Joh 1,1-5 (6-8) 9-14
Dieser
schwere Text kann eine Hilfe nach mancherlei abgeflachten Weihnachtsfeiern
sein. Er wird am 2. Weihnachtsfeiertag auf hoerbereite
Menschen treffen.
Im Anfang
Das
erste Wort „Im Anfang“ laesst aufhorchen. Mit
dem Anfang des Kosmos beschaeftigt sich ein ganzer
Wissenschaftszweig mit stets verfeinerten Methoden und Hilfsmitteln. Sobald wir
selbst aus unseren Lebensraetseln heraus nach
Ursachen forschen, begeben wir uns auf einen vergleichbaren Weg.
Im
Predigttext ist es umgekehrt: Der Anfang muss nicht erforscht werden, er steht
fest, aber nun gilt es, den Weg vom Anfang hin zum Menschen, zu uns (1,5- von
der Finsternis zur Herrlichkeit, 1,14) zu gehen.
Juden und ihre Lesung ‚Im Anfang’
Juden
haben die Lesung vom Anfang (Gen 1,1ff) an den Anfang ihres Lesungsjahres,
am Fest der Freude am Gesetz im Herbst, gesetzt.
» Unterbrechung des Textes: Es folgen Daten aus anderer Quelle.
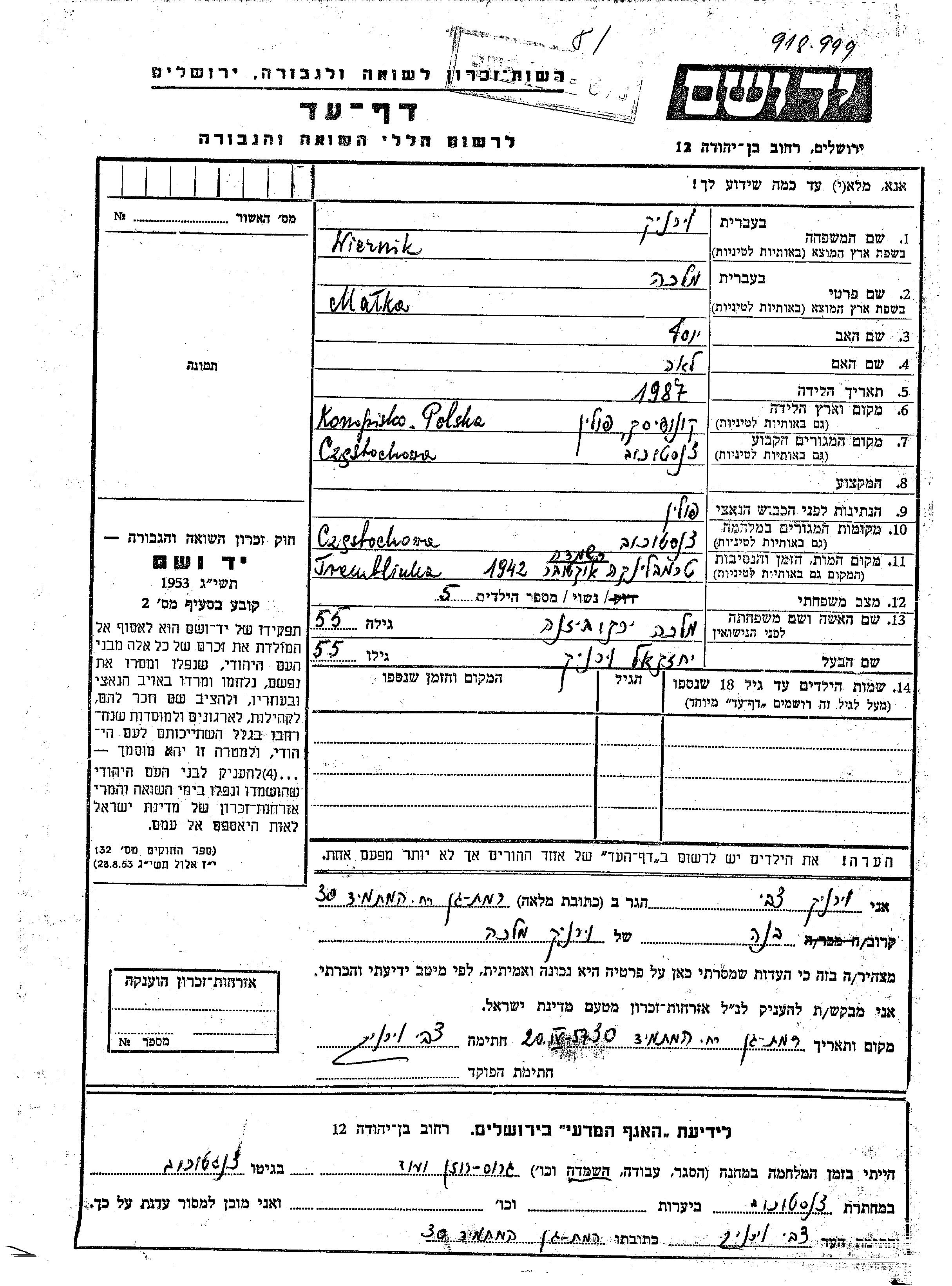 Wiernik Virnyk Malka 1887 Czestochowa, Pologne Feuille de témoignage

Dann folgt Jahr fuer Jahr die Lesung der Fünf Bücher Mose
mit Hoehen und Tiefen des Einzelnen und des Volkes,
mit Rückblick und Verheissung. Und immer wieder heisst es jedes Jahr „Im Anfang“, und der Kreis von Hoerern kann seinen Lebensweg, selbst neu anfangend, veraendern.
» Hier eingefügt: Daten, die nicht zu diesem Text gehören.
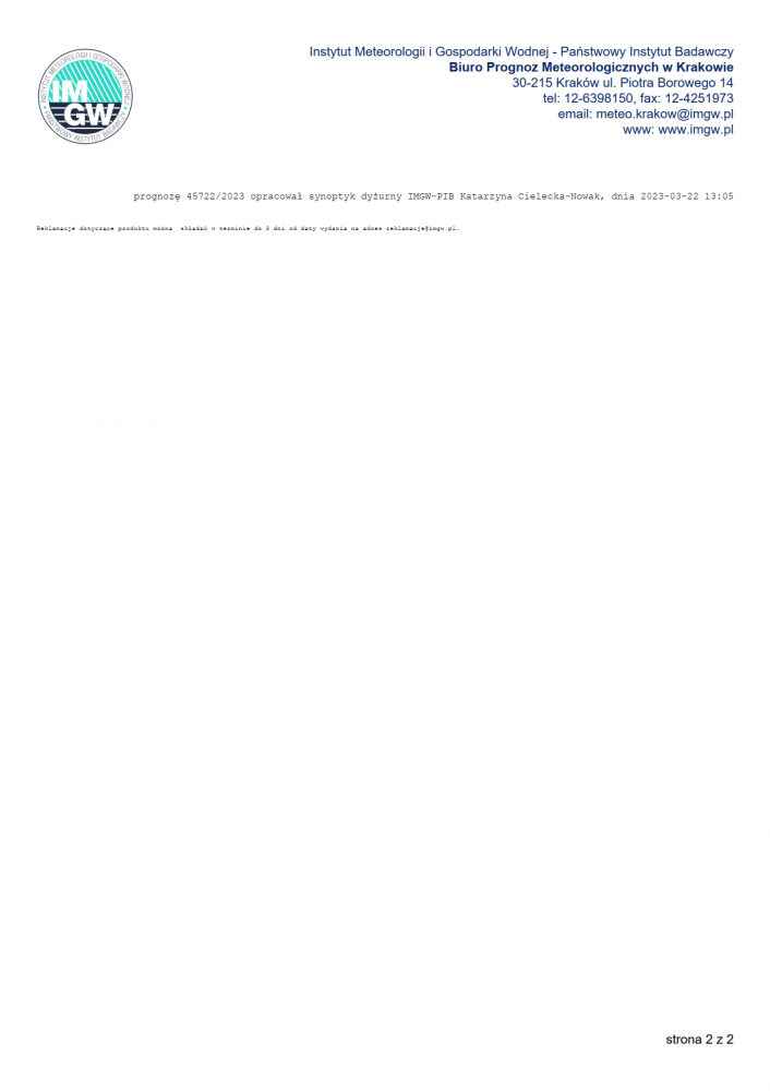 Ważność:   od godz. 07:30 dnia 23.03.2023 r. do godz. 07:30 dnia 24.03.2023 r.

Christen und ihr Lied ‚Im Anfang’
Christen,
die das Lied vom Anfang Joh 1,1ff gedichtet haben,
stehen in dieser jüdischen Tradition und haben ihr doch das entscheidend
Neue hinzuzusetzen: „Das Wort ward Fleisch...“, 1,14. Vor der Aussage in
1,14 aber werden zwei Irrwege, die der Mensch in allen Zeiten bis zur Jetztzeit
geht, aufgezeichnet:
Zwei Irrwege
a) ein
genereller Irrweg und
b) ein
spezieller Irrweg:
a) Der
generelle Irrweg: Dass Menschen, die aus Finsternis herauskommen koennen, das Licht, das ihnen scheint, nicht aufnehmen.
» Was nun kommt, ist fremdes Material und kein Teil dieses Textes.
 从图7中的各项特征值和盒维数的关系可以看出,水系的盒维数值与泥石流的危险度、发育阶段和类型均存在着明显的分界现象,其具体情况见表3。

Plato hat in seinem Hoehlengleichnis diese
Menschheitshaltung sehr plastisch geschildert. Am Ende werden die in der Hoehle Befindlichen den, der sei zum Licht bringen moechte und sie zum Leben im Licht auffordert, toeten und so lieber in der Hoehle
bleiben. („...er kam in sein Eigentum, aber die Seinen nahmen ihn nicht
auf.“)
b) Der
spezielle Irrweg: Die ursprünglich so schoene
Einheit des Logosliedes von Gott, der fuer die Menschen da ist, wird durch die Verse 6-8 hart
unterbrochen: Anhaenger Johannes des Taeufers haben den Taeufer
in den Mittelpunkt ihrer Verehrung und Verkündigung als Lichtgestalt
gestellt. Weil sie das Zeugnis des Taeufers, das auf
Jesus als Licht hingewiesen hat, nicht gehoert haben
und in ihrer Verehrung des Taeufers Jesus auch in der
Zeit des Evangelisten Johannes (um 90 n. Chr.) weitgehend Jesus als Licht
abgelehnt haben, sind sie wie die in V.5 Angesprochenen in der Finsternis
geblieben. Die johanneische Gemeinde will dies durch
ihr Lied vom Anfang und durch manches andere über den Taeufer
und vom Taeufer Ausgesprochene im Evangelium
korrigieren: Licht ist fuer die johanneische Gemeinde nach dem Willen Gottes nicht ein
lokales Geschehen am Jordan, sondern (s. Joh 1,9) ein
weltweites Geschehen durch den, der bei Gott war und von ihm gesandt ist.
Der
spezielle Irrweg birgt also fuer uns seine besondere
Bedeutung in sich:
Wir koennen Menschen unserer Zeit, die sich in der
Politik ihre Lichtgestalt geschaffen haben oder ihre kapitalistische Glitzer-
und Glimmerwelt und diese schon fuer das Ziel ihres
Lebens halten, auf ihre groessere Lebensmoeglichkeit
hinweisen, wie es die getan haben, die Joh 1,14
ausgesprochen haben. „Wir sahen seine Herrlichkeit...“.
...ward
Fleisch
Dass
sie von „Fleisch“ gesprochen haben, vom Wort Gottes, das Fleisch wird,
ist fuer uns solange unverstaendlich,
als wir nicht sehen, dass fuer jene johanneische Gemeinde zwei alttestamentliche Worte in
Erfüllung gegangen sind: Jesaja 6 und LXX Psalm 39
(Wer sich über diese beiden Texte in johanneischer Sicht informieren moechte,
findet auf der homepage zwei Artikel: „Wie der
Evangelist Johannes gemaess Joh
12,37ff Jes 6 gelesen hat“ und: „Vom Hebraeerbrief zum Johannesevangelium“).
Lichtbringer
ist der, der sich nach Jes 6 von Gott senden laesst und als Mensch wie jeder andere Mensch lebt und
dieses Leben als Leib (sarx/soma
– so in der LXX Ps 39, vgl Hebr 10,5) fuer das Leben der
Welt einsetzt.
Menschen koennen nicht nur Jünger des Taeufers oder des Mose usw.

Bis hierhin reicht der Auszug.